You after trunking or multi drop.

Multidrop - Load your own wagon yourself, pick orders as you go around your run, tip empties on return to depot. Some drivers take to it, others don’t. The drivers who take to it are usually knocking off at about 11am on a 4am start, sometimes earlier so plenty of time at home.

Trunking - What you’d expect but it’s assisted load/tip which isn’t everybodies cup of tea, normally just involves pushing the dollies off the ramp where they get picked up by the warehouse & vice versa. The fixed deckers are a PITA going up & down the scissor lift. You just get a run sheet & left to get on with it.

Is it realistic to finish between 11am and 1 pm then on this job?

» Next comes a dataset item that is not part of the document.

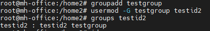 testid2 의 그룹이 잘 설정됐는지 확인해봅니다.

Never worked for them but used to drive a forklift for a company beside them in Bellshill.
The trucks would generally start to come back about 10.30-11.00 latest I ever saw one come back was about 1 o’clock

RogerOut:
Is it realistic to finish between 11am and 1 pm then on this job?

I have a mate works for them, that money is definitely in the ball park. From what he tells me he is regularly finished before 1200, the downside is the early start of 0400, but the job suits him. If I wasn’t long retired (2012) that where I would be heading for a job. Regards Kev.

RogerOut:
Is it realistic to finish between 11am and 1 pm then on this job?

I’d say…

About 85% of the time, yes it is. Trunking on nights, everyone in the warehouse wants to go home and if they’re waiting on you for the last load, it’ll all be off before you’ve got up on the dock.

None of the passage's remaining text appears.